Based on the results of existing research, the dysfunction caused by thymoma was one of the pathogeny of paraneoplastic MG for thymoma patients. The results of blood sampling mostly show abnormal chemokines and cytokines, which may represent potential biomarkers for the diagnosis of MG. Research comparing pathological thymoma with the normal thymus mostly indicates the cause of thymoma instead of the mechanism of paraneoplastic MG. In our opinion, genome sequencing of MG(+) thymomas in comparison with MG(−) thymomas may help explore the direct relationship between thymoma and MG.

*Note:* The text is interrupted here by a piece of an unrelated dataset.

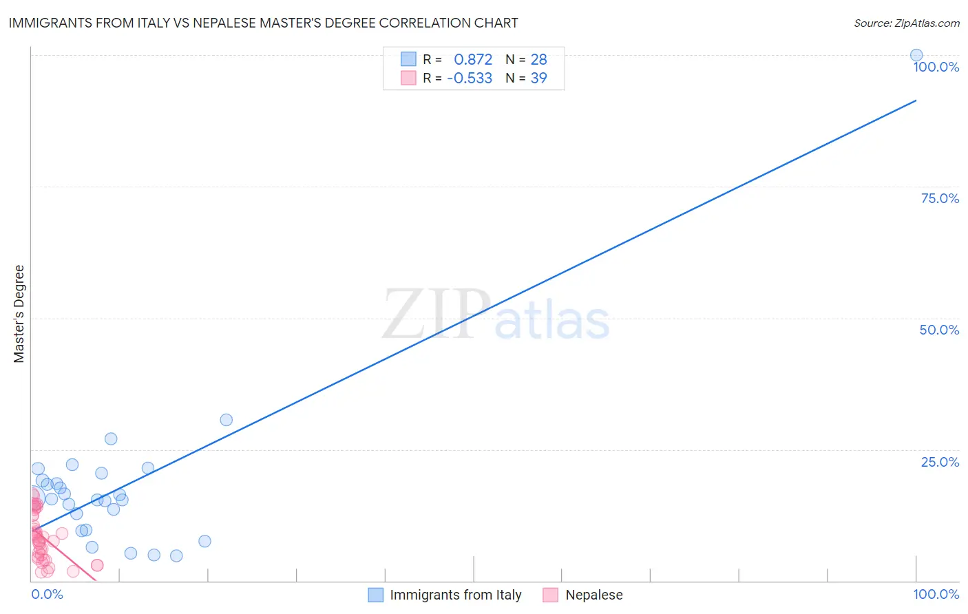 Immigrants from Italy vs Nepalese Master's Degree Correlation Chart
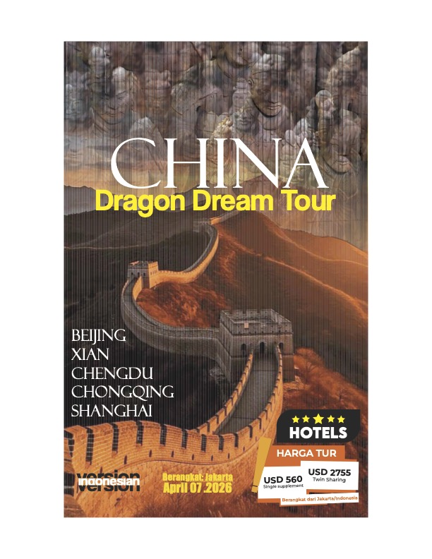 CHINA DRAGON DREAM TOUR 12 DAYS Departure: April 7, 2026/TUES From SEATTLE, USA, JAKARTA, Indonesia, and BRISBANE, Australia Read More »

A large number of significantly anomalous lncRNAs and mRNAs were identified in the present study. Interestingly, differences were observed compared with other studies, which illustrates the complexity of MG triggered by thymoma. To verify the reliability of the microarray analysis, we chose several terms for PCR verification, including mRNAs and lncRNAs with the most obvious upregulation and downregulation in the microarray analysis (PRRSS56, PPP3R1, XLOC_006297, and ENSG000000218510.3), as well as those with the closest relationship to phosphorylation/dephosphorylation in the GO analysis (DUSP26, PLCG1, and XLOC_007052,XLOC_002588). The trends captured were broadly portable, but the regulation range was somewhat reduced.

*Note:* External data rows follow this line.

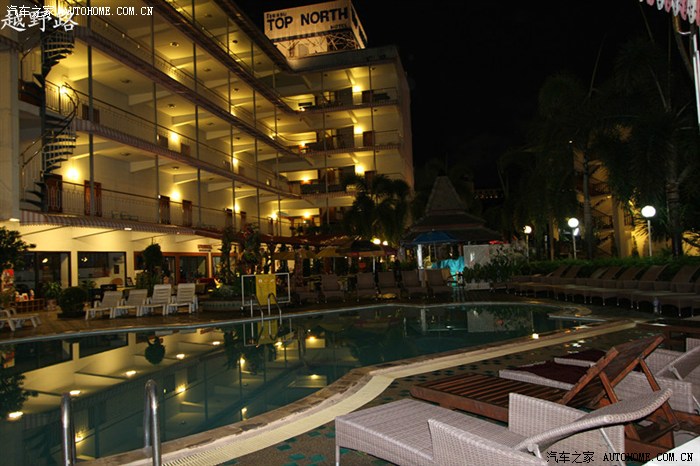 晚上回到酒店,淸迈的夜晩是很凉的,所以泳池已沒有人在游水,显得很安静.
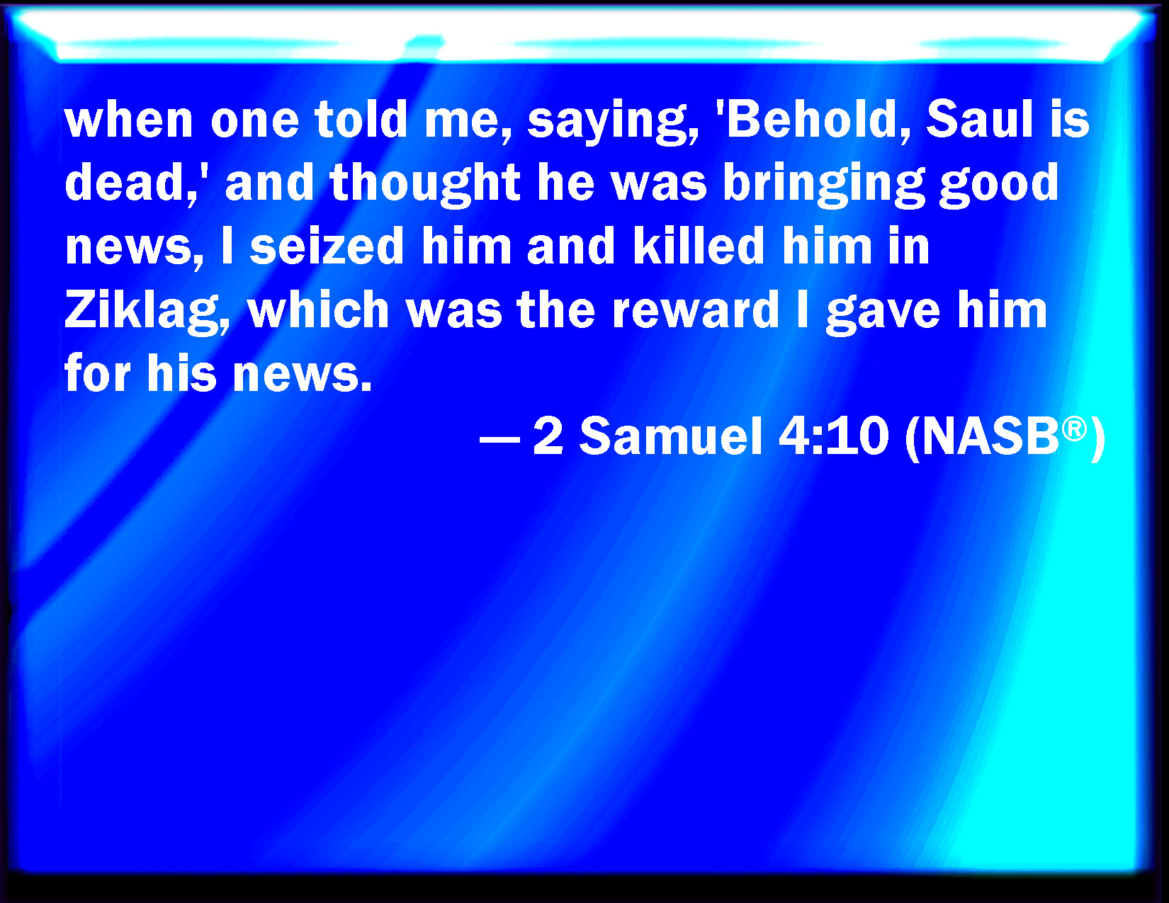 Bible Verse Slide 2 Samuel 4:10 When one told me, saying, Behold, Saul is dead, thinking to have brought good tidings, I took hold of him, and slew him in Ziklag, who thought that I would have given him a reward for his tidings: KJV: When one told me, saying, Behold, Saul is dead, thinking to have brought good tidings, I took hold of him, and slew him in Ziklag, who thought that I would have given him a reward for his tidings: DRB: The man that told me, and said: Saul is dead, who thought he brought good tidings, I apprehended, and slew him in Siceleg, who should have been rewarded for his news. DBT: when one told me, saying, Behold, Saul is dead! and he was in his own sight a messenger of good, I took hold of him, and slew him in Ziklag to whom forsooth I should give a reward for his good tidings: ERV: when one told me, saying, Behold, Saul is dead, thinking to have brought good tidings, I took hold of him, and slew him in Ziklag, which was the reward I gave him for his tidings. WBT: When one told me, saying, Behold, Saul is dead, (thinking to have brought good tidings,) I took hold of him, and slew him in Ziklag, who thought that I would have given him a reward for his tidings: WEB: when someone told me, 'Behold, Saul is dead,' thinking to have brought good news, I took hold of him, and killed him in Ziklag, which was the reward I gave him for his news. YLT: when one is declaring to me, saying, Lo, Saul is dead, and he was as a bearer of tidings in his own eyes, then I take hold on him, and slay him in Ziklag, instead of my giving to him for the tidings.Links 2 Samuel 4:10 NIV • 2 Samuel 4:10 NLT • 2 Samuel 4:10 ESV • 2 Samuel 4:10 NASB • 2 Samuel 4:10 KJV • 2 Samuel 4:10 Interlinear • 2 Samuel 4:10 Commentaries • 2 Samuel 4:10 Parallel Texts • 2 Samuel 4:10 Bible Apps • 2 Samuel 4:10 Parallel • Bible Hub |
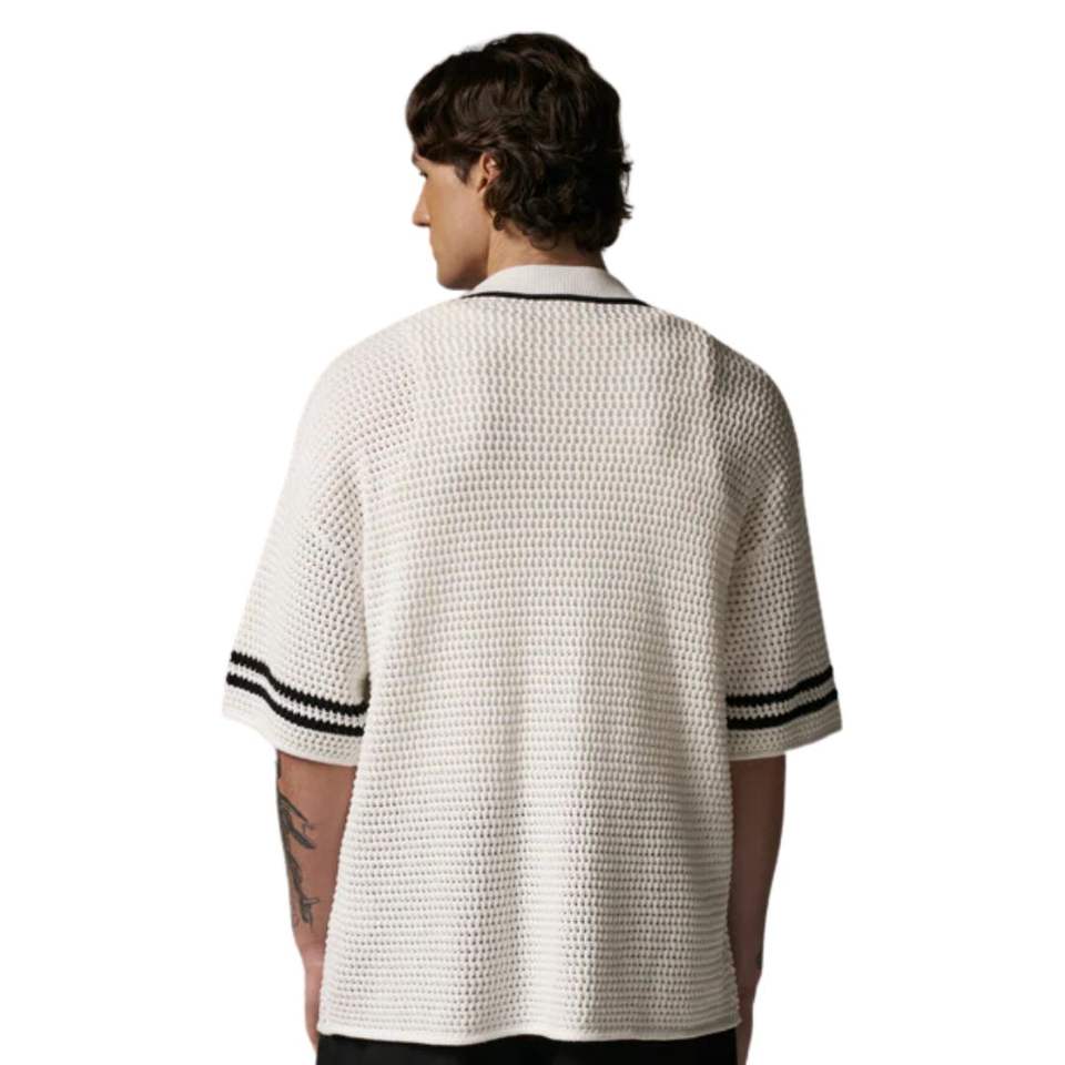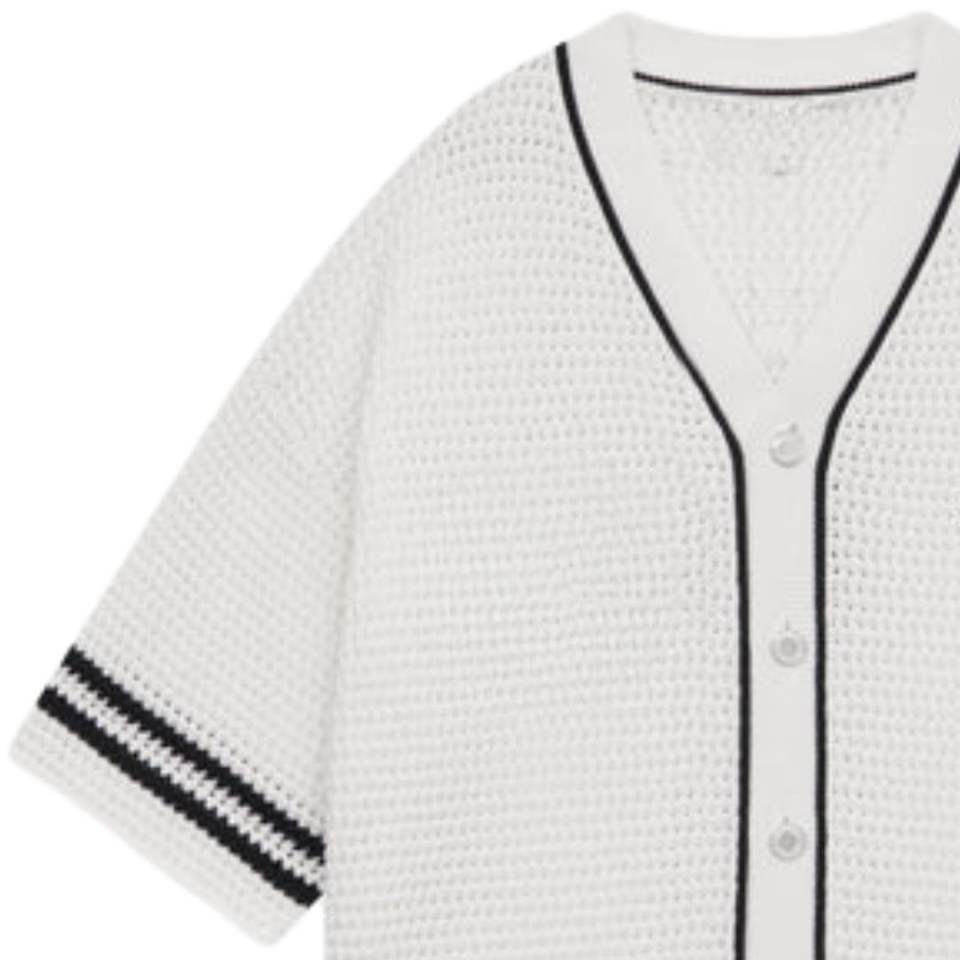 Men Crochet Knitted Baseball Shirt Short Sleeve Button Down Stripe Trim Casual Summer Knit Top OEM Wholesale Supply

The balance between phosphorylation and dephosphorylation, which is exerted by protein kinase and phosphatase, plays an important role in signal transduction pathways associated with protein–protein interactions. The Golgi apparatus, which is the most important structure for protein transport and modification, was the most significant GO enrichment cellular component term. As previously mentioned, long‐lived CD4+ and CD8+ T cells exported from thymomas potentially stimulate autoantibody production and subsequent MG. Coincidentally, phosphatases and dephosphorylation are involved in the regulation of T cell signaling and activation. Zheng et al. proved that protein phosphatase 2A plays an essential role in promoting thymocyte survival during selection. In the present study, the genes involved in dephosphorylation, including PLCG, LKB1, and DUSP26, among others, were regarded as key components of positive thymocyte selection and are closely related with subsequent autoimmune disease. , , ,

In conclusion, the present findings confirm that lncRNA and mRNA expression in MG(+) thymomas differ significantly compared with MG(−) thymomas. The microarray analysis showed that MG(+) thymomas are associated with certain overactive biological processes and molecular functions, especially dephosphorylation and hydrolysis. These abnormalities, which eventually cause MG, may affect thymocyte survival during selection through paracrine function. Although this study only produced some primary results, it does outline a potential mechanism for thymoma‐associated MG.